_Data section_.

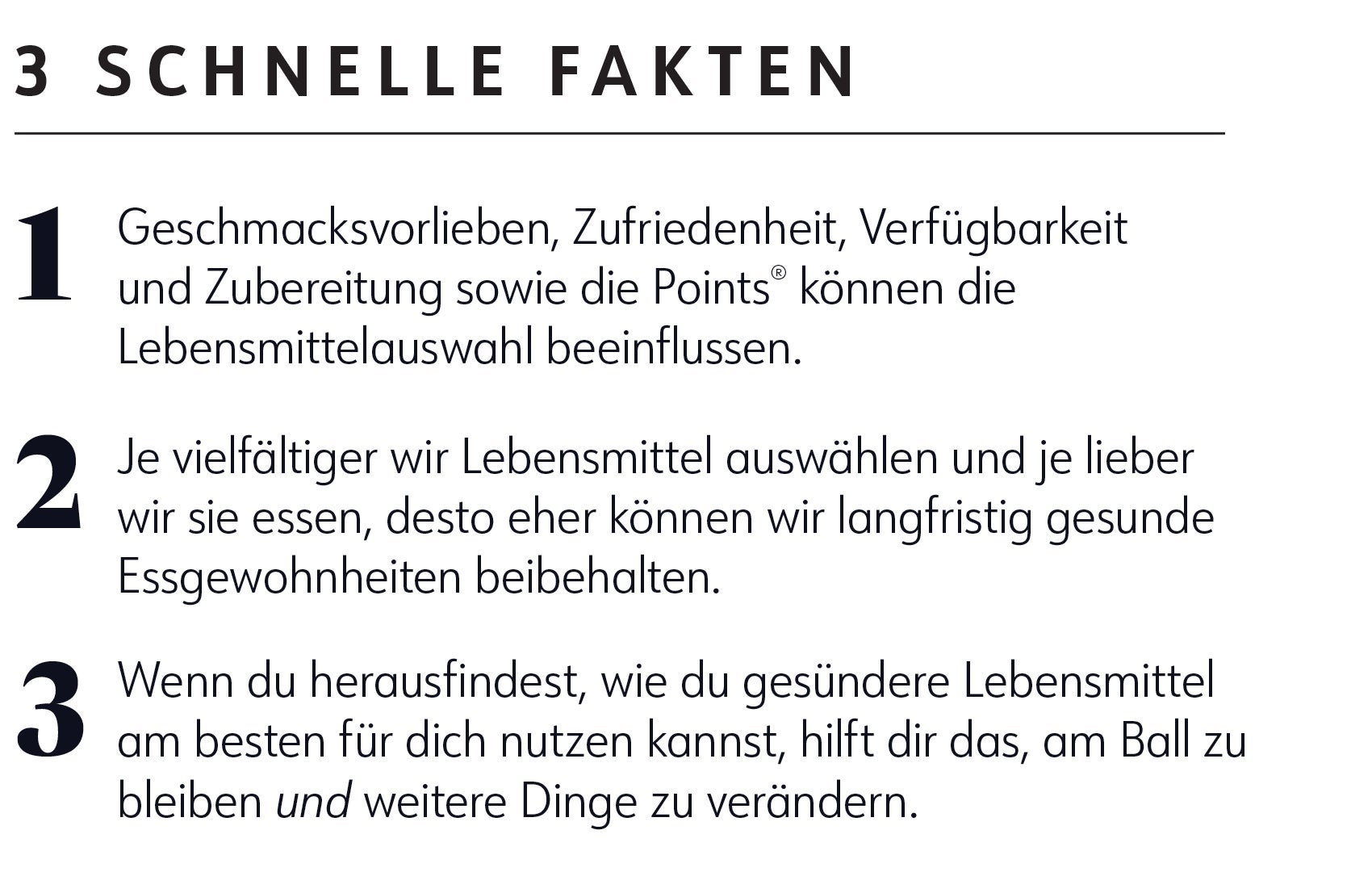 Erstens rüttelt dieses Bewusstsein eine ansonsten auf Autopilot ablaufende Essroutine auf. Ausserdem hilft dir die Verknüpfung von Essentscheidungen mit deinen Erfolgen dabei, bei deinen gesunden Favoriten zu bleiben. Ausserdem wird dein Selbstvertrauen gestärkt, mehr positive Veränderungen vorzunehmen und mehr neue Lebensmittel auszuprobieren. (Und: Mit etwas Glück findest du so Hinweise darauf, was du ausserdem noch mögen könntest). Das alles kann dazu führen, dass du mit Begeisterung gesunde Entscheidungen triffst.
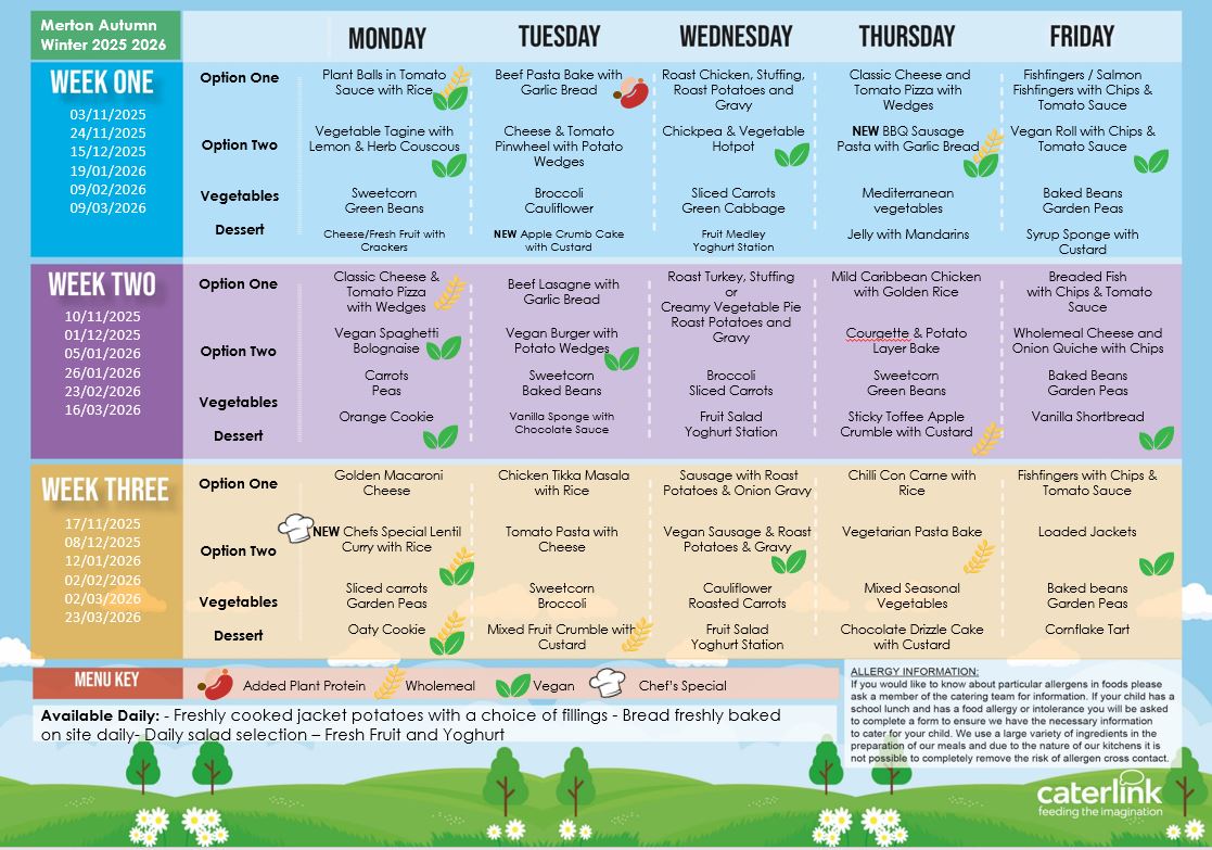 Caterlink provide the school meals for our pupils at lunchtime each day. The school lunchtime menu is located as a download lower down this page. More information about Caterlink can be found here.
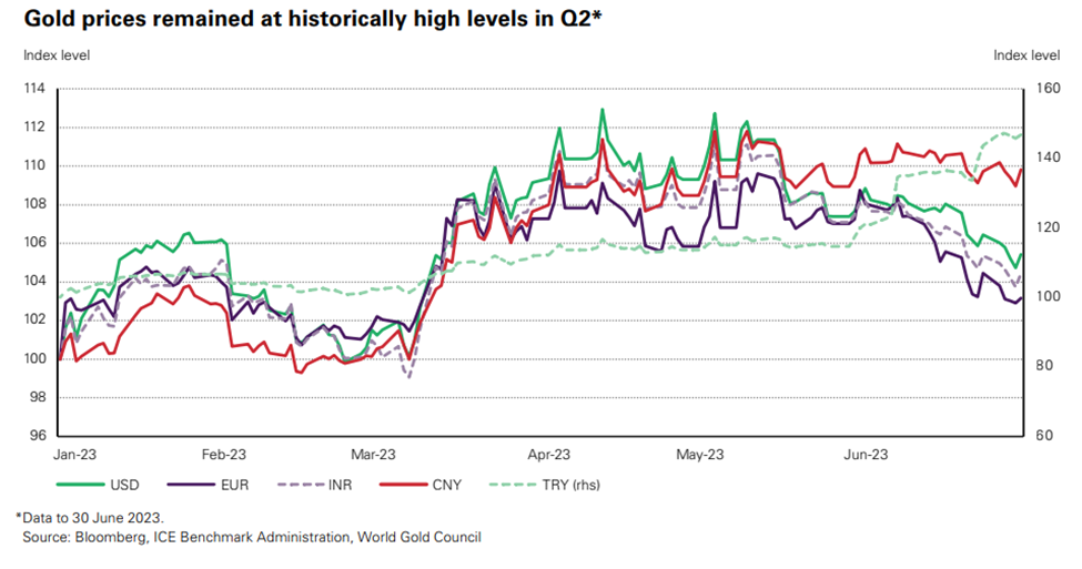 This week, the World Gold Council (WGC) put out a fresh quarterly report confirming the metal’s demand trajectory. In Q2 2023, gold investment in Q2 was healthy compared with the same quarter of last year, up 20% to 256t. Jewelry consumption also strengthened modestly y/y, up 3% to 476t despite historically high (if not record) prices in most markets.

_Aim of the exercise_.
Now repeat exactly the lines from the one with "Caterlink provide the" through the end of the listing above, both included, omitting all pictures.

_Your response_.
 Caterlink provide the school meals for our pupils at lunchtime each day. The school lunchtime menu is located as a download lower down this page. More information about Caterlink can be found here.
 This week, the World Gold Council (WGC) put out a fresh quarterly report confirming the metal’s demand trajectory. In Q2 2023, gold investment in Q2 was healthy compared with the same quarter of last year, up 20% to 256t. Jewelry consumption also strengthened modestly y/y, up 3% to 476t despite historically high (if not record) prices in most markets.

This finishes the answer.